- **WHAT NEEDS TO BE DONE**: Your response must consist of the listing below, repeated exactly.

DATA RECORDS START

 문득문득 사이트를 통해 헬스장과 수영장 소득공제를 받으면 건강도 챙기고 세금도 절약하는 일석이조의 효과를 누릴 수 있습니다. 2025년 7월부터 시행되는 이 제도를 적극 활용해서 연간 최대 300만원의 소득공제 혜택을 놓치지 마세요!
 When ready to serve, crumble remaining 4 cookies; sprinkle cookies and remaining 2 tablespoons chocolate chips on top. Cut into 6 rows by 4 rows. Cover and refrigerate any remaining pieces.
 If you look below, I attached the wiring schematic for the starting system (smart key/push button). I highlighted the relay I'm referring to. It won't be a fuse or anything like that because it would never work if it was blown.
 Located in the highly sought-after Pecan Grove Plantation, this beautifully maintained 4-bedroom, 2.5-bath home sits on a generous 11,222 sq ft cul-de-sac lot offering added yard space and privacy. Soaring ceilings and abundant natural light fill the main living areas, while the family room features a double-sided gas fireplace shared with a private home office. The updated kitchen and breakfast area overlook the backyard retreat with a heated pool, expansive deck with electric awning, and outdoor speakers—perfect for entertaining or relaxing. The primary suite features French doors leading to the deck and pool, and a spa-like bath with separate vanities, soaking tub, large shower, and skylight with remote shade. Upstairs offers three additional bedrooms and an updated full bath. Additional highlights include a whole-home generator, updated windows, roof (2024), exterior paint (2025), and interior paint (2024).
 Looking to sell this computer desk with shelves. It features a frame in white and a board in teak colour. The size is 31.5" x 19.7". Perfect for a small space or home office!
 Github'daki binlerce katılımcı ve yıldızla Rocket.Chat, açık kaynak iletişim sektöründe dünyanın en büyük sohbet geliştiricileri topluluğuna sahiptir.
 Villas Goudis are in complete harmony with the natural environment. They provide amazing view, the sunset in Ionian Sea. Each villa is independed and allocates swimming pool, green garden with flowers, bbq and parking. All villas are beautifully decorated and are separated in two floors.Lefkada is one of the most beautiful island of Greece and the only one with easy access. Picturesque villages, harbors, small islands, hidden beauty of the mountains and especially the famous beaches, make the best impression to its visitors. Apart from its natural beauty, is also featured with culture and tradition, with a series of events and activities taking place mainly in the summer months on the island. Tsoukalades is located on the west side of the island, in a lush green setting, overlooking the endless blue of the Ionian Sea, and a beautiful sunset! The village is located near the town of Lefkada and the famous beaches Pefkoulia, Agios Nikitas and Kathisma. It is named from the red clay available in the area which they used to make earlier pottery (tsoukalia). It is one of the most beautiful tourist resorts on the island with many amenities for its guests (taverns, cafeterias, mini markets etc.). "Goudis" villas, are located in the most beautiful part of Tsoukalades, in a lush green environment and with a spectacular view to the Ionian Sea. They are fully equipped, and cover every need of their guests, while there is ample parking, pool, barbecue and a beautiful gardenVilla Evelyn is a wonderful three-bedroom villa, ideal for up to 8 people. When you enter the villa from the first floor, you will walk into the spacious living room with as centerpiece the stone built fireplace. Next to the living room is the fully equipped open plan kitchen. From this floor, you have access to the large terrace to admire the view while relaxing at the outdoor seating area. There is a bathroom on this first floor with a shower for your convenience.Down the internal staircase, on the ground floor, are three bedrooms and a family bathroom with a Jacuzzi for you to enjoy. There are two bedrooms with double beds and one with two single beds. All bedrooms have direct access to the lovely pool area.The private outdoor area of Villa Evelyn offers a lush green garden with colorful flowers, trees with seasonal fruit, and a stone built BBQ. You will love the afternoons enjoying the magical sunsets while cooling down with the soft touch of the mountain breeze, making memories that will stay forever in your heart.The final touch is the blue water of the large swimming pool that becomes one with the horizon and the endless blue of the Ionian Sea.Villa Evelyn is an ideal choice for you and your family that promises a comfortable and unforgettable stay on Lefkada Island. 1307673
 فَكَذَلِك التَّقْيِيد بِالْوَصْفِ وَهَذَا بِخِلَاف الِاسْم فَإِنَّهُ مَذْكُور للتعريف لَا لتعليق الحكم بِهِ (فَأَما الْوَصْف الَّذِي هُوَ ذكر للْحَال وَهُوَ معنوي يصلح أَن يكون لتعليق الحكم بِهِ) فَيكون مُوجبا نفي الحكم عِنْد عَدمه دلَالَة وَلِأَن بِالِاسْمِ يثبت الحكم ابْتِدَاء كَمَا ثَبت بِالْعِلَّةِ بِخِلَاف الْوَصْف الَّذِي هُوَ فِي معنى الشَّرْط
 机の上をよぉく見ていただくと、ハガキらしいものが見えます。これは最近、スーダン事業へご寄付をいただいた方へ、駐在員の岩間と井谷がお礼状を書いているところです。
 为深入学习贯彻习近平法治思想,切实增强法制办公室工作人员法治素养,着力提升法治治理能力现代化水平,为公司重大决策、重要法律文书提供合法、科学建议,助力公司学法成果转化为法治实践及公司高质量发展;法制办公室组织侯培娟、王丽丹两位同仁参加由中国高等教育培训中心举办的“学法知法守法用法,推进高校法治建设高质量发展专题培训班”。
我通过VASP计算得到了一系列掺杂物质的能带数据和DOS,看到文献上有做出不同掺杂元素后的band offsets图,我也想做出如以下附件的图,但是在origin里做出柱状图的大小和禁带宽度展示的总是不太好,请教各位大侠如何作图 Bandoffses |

DATA RECORDS END

- **RESULT OF THIS EXERCISE**:
 문득문득 사이트를 통해 헬스장과 수영장 소득공제를 받으면 건강도 챙기고 세금도 절약하는 일석이조의 효과를 누릴 수 있습니다. 2025년 7월부터 시행되는 이 제도를 적극 활용해서 연간 최대 300만원의 소득공제 혜택을 놓치지 마세요!
 When ready to serve, crumble remaining 4 cookies; sprinkle cookies and remaining 2 tablespoons chocolate chips on top. Cut into 6 rows by 4 rows. Cover and refrigerate any remaining pieces.
 If you look below, I attached the wiring schematic for the starting system (smart key/push button). I highlighted the relay I'm referring to. It won't be a fuse or anything like that because it would never work if it was blown.
 Located in the highly sought-after Pecan Grove Plantation, this beautifully maintained 4-bedroom, 2.5-bath home sits on a generous 11,222 sq ft cul-de-sac lot offering added yard space and privacy. Soaring ceilings and abundant natural light fill the main living areas, while the family room features a double-sided gas fireplace shared with a private home office. The updated kitchen and breakfast area overlook the backyard retreat with a heated pool, expansive deck with electric awning, and outdoor speakers—perfect for entertaining or relaxing. The primary suite features French doors leading to the deck and pool, and a spa-like bath with separate vanities, soaking tub, large shower, and skylight with remote shade. Upstairs offers three additional bedrooms and an updated full bath. Additional highlights include a whole-home generator, updated windows, roof (2024), exterior paint (2025), and interior paint (2024).
 Looking to sell this computer desk with shelves. It features a frame in white and a board in teak colour. The size is 31.5" x 19.7". Perfect for a small space or home office!
 Github'daki binlerce katılımcı ve yıldızla Rocket.Chat, açık kaynak iletişim sektöründe dünyanın en büyük sohbet geliştiricileri topluluğuna sahiptir.
 Villas Goudis are in complete harmony with the natural environment. They provide amazing view, the sunset in Ionian Sea. Each villa is independed and allocates swimming pool, green garden with flowers, bbq and parking. All villas are beautifully decorated and are separated in two floors.Lefkada is one of the most beautiful island of Greece and the only one with easy access. Picturesque villages, harbors, small islands, hidden beauty of the mountains and especially the famous beaches, make the best impression to its visitors. Apart from its natural beauty, is also featured with culture and tradition, with a series of events and activities taking place mainly in the summer months on the island. Tsoukalades is located on the west side of the island, in a lush green setting, overlooking the endless blue of the Ionian Sea, and a beautiful sunset! The village is located near the town of Lefkada and the famous beaches Pefkoulia, Agios Nikitas and Kathisma. It is named from the red clay available in the area which they used to make earlier pottery (tsoukalia). It is one of the most beautiful tourist resorts on the island with many amenities for its guests (taverns, cafeterias, mini markets etc.). "Goudis" villas, are located in the most beautiful part of Tsoukalades, in a lush green environment and with a spectacular view to the Ionian Sea. They are fully equipped, and cover every need of their guests, while there is ample parking, pool, barbecue and a beautiful gardenVilla Evelyn is a wonderful three-bedroom villa, ideal for up to 8 people. When you enter the villa from the first floor, you will walk into the spacious living room with as centerpiece the stone built fireplace. Next to the living room is the fully equipped open plan kitchen. From this floor, you have access to the large terrace to admire the view while relaxing at the outdoor seating area. There is a bathroom on this first floor with a shower for your convenience.Down the internal staircase, on the ground floor, are three bedrooms and a family bathroom with a Jacuzzi for you to enjoy. There are two bedrooms with double beds and one with two single beds. All bedrooms have direct access to the lovely pool area.The private outdoor area of Villa Evelyn offers a lush green garden with colorful flowers, trees with seasonal fruit, and a stone built BBQ. You will love the afternoons enjoying the magical sunsets while cooling down with the soft touch of the mountain breeze, making memories that will stay forever in your heart.The final touch is the blue water of the large swimming pool that becomes one with the horizon and the endless blue of the Ionian Sea.Villa Evelyn is an ideal choice for you and your family that promises a comfortable and unforgettable stay on Lefkada Island. 1307673
 فَكَذَلِك التَّقْيِيد بِالْوَصْفِ وَهَذَا بِخِلَاف الِاسْم فَإِنَّهُ مَذْكُور للتعريف لَا لتعليق الحكم بِهِ (فَأَما الْوَصْف الَّذِي هُوَ ذكر للْحَال وَهُوَ معنوي يصلح أَن يكون لتعليق الحكم بِهِ) فَيكون مُوجبا نفي الحكم عِنْد عَدمه دلَالَة وَلِأَن بِالِاسْمِ يثبت الحكم ابْتِدَاء كَمَا ثَبت بِالْعِلَّةِ بِخِلَاف الْوَصْف الَّذِي هُوَ فِي معنى الشَّرْط
 机の上をよぉく見ていただくと、ハガキらしいものが見えます。これは最近、スーダン事業へご寄付をいただいた方へ、駐在員の岩間と井谷がお礼状を書いているところです。
 为深入学习贯彻习近平法治思想,切实增强法制办公室工作人员法治素养,着力提升法治治理能力现代化水平,为公司重大决策、重要法律文书提供合法、科学建议,助力公司学法成果转化为法治实践及公司高质量发展;法制办公室组织侯培娟、王丽丹两位同仁参加由中国高等教育培训中心举办的“学法知法守法用法,推进高校法治建设高质量发展专题培训班”。
我通过VASP计算得到了一系列掺杂物质的能带数据和DOS,看到文献上有做出不同掺杂元素后的band offsets图,我也想做出如以下附件的图,但是在origin里做出柱状图的大小和禁带宽度展示的总是不太好,请教各位大侠如何作图 Bandoffses |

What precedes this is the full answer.